**Data extracted from a collection**

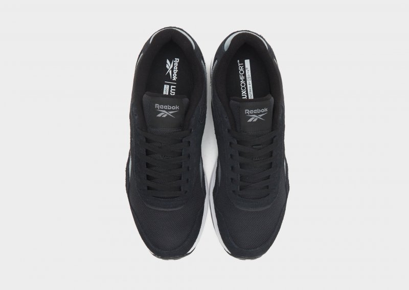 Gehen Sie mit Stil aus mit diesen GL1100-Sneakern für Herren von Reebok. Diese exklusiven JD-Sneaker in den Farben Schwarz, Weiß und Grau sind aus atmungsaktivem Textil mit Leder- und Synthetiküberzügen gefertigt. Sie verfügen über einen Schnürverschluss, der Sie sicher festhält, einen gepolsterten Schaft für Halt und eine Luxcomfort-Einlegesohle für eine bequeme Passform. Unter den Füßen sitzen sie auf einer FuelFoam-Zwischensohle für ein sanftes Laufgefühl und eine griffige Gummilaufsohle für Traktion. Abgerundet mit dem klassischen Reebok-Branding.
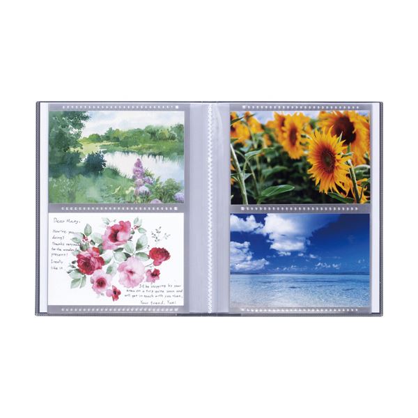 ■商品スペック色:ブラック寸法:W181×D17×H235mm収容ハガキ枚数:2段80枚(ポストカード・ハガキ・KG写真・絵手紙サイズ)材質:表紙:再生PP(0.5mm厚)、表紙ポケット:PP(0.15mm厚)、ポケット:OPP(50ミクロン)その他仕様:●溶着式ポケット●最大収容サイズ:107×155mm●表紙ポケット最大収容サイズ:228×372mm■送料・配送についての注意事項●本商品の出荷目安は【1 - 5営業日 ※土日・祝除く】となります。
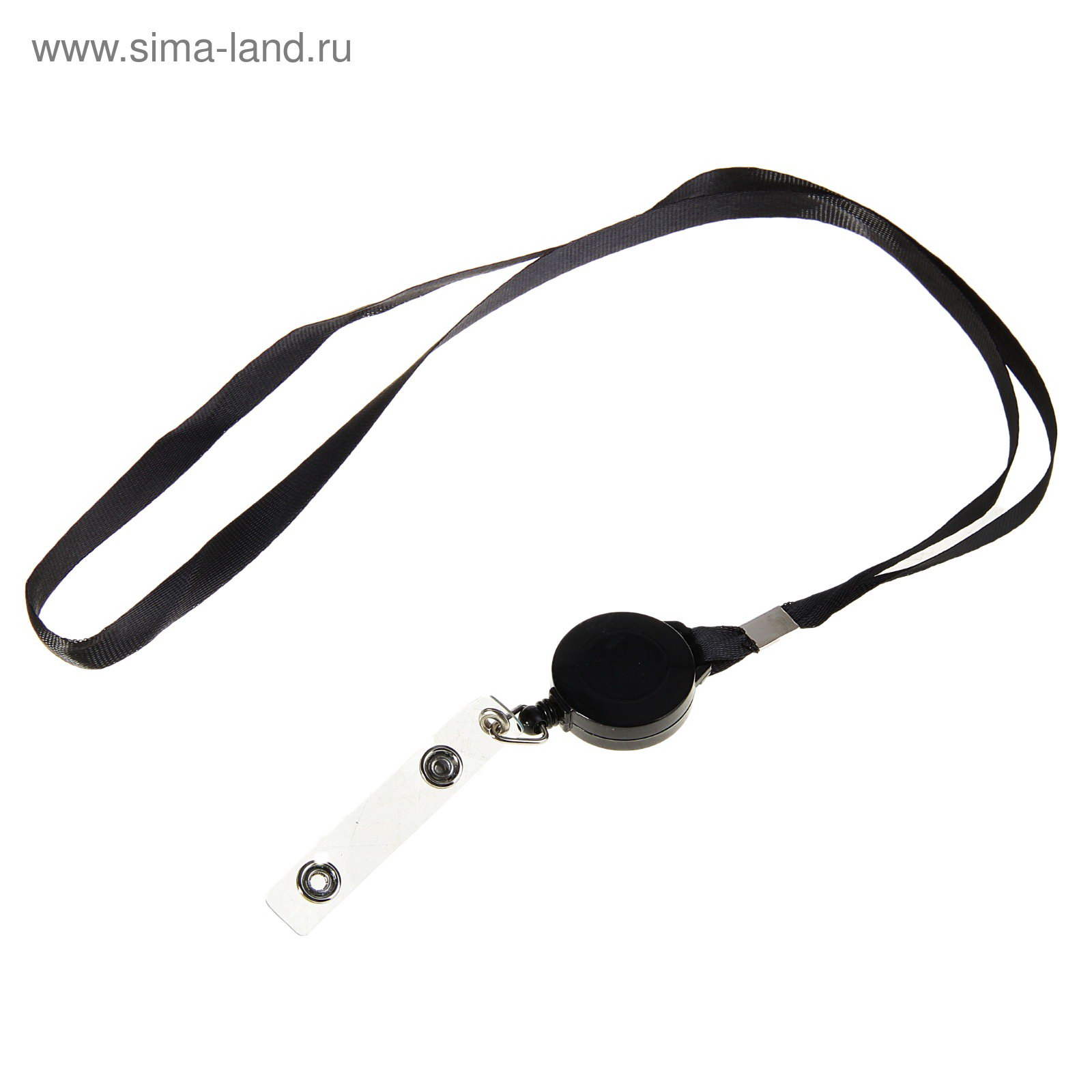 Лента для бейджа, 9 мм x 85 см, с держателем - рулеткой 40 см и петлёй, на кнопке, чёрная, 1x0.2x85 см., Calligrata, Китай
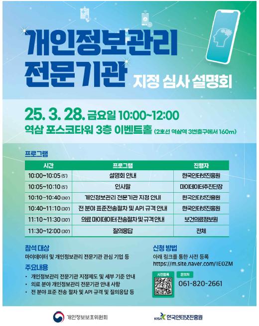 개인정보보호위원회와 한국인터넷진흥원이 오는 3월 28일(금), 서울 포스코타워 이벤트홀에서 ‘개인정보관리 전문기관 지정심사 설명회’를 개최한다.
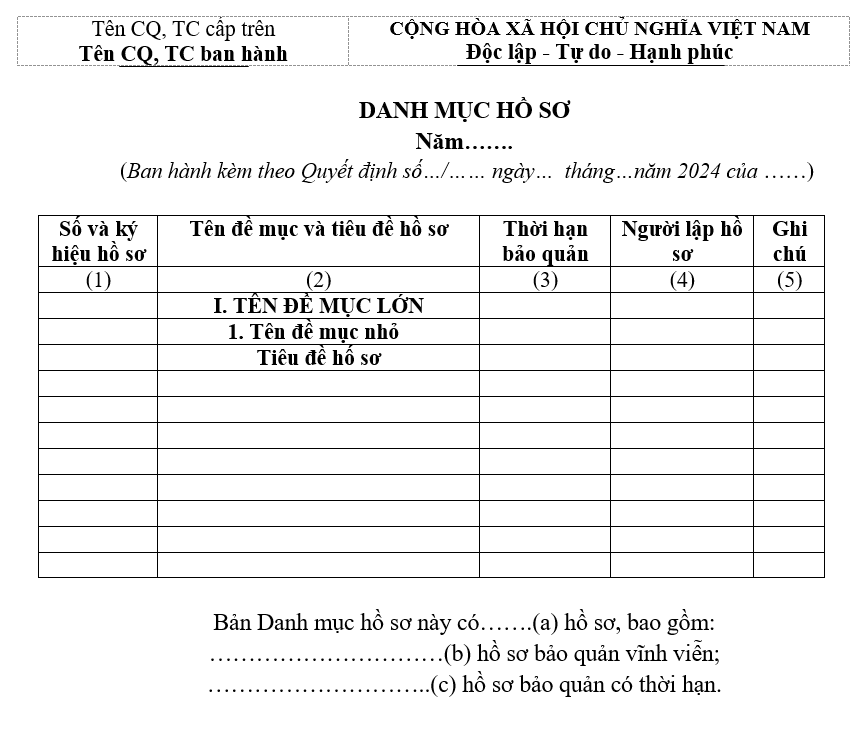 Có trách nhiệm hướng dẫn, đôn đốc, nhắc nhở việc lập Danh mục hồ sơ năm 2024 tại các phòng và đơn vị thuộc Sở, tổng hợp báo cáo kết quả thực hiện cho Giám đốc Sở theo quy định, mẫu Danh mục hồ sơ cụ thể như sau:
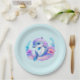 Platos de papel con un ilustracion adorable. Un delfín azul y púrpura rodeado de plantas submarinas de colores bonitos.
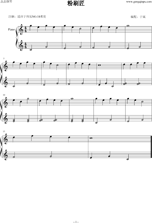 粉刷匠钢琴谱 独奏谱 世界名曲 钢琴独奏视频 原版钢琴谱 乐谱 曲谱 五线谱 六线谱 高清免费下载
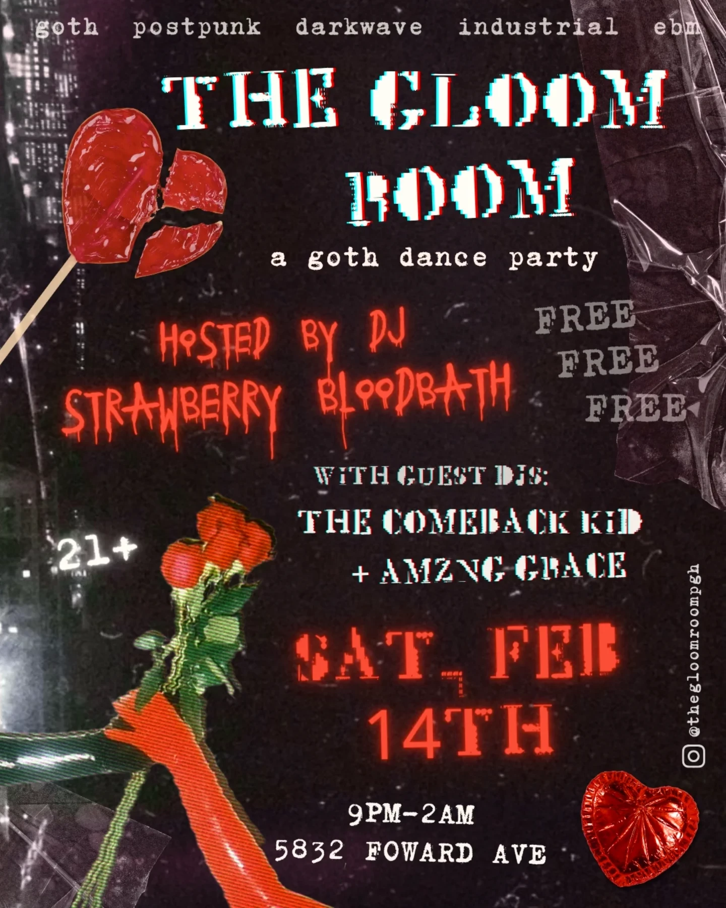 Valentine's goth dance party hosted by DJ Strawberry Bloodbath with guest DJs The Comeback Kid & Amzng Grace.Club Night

**Assignment**
Only the text of the records is to be reproduced exactly; skip the pictures.

**Output for this task**
 Gehen Sie mit Stil aus mit diesen GL1100-Sneakern für Herren von Reebok. Diese exklusiven JD-Sneaker in den Farben Schwarz, Weiß und Grau sind aus atmungsaktivem Textil mit Leder- und Synthetiküberzügen gefertigt. Sie verfügen über einen Schnürverschluss, der Sie sicher festhält, einen gepolsterten Schaft für Halt und eine Luxcomfort-Einlegesohle für eine bequeme Passform. Unter den Füßen sitzen sie auf einer FuelFoam-Zwischensohle für ein sanftes Laufgefühl und eine griffige Gummilaufsohle für Traktion. Abgerundet mit dem klassischen Reebok-Branding.
 ■商品スペック色:ブラック寸法:W181×D17×H235mm収容ハガキ枚数:2段80枚(ポストカード・ハガキ・KG写真・絵手紙サイズ)材質:表紙:再生PP(0.5mm厚)、表紙ポケット:PP(0.15mm厚)、ポケット:OPP(50ミクロン)その他仕様:●溶着式ポケット●最大収容サイズ:107×155mm●表紙ポケット最大収容サイズ:228×372mm■送料・配送についての注意事項●本商品の出荷目安は【1 - 5営業日 ※土日・祝除く】となります。
 Лента для бейджа, 9 мм x 85 см, с держателем - рулеткой 40 см и петлёй, на кнопке, чёрная, 1x0.2x85 см., Calligrata, Китай
 개인정보보호위원회와 한국인터넷진흥원이 오는 3월 28일(금), 서울 포스코타워 이벤트홀에서 ‘개인정보관리 전문기관 지정심사 설명회’를 개최한다.
 Có trách nhiệm hướng dẫn, đôn đốc, nhắc nhở việc lập Danh mục hồ sơ năm 2024 tại các phòng và đơn vị thuộc Sở, tổng hợp báo cáo kết quả thực hiện cho Giám đốc Sở theo quy định, mẫu Danh mục hồ sơ cụ thể như sau:
 Platos de papel con un ilustracion adorable. Un delfín azul y púrpura rodeado de plantas submarinas de colores bonitos.
 粉刷匠钢琴谱 独奏谱 世界名曲 钢琴独奏视频 原版钢琴谱 乐谱 曲谱 五线谱 六线谱 高清免费下载
 Valentine's goth dance party hosted by DJ Strawberry Bloodbath with guest DJs The Comeback Kid & Amzng Grace.Club Night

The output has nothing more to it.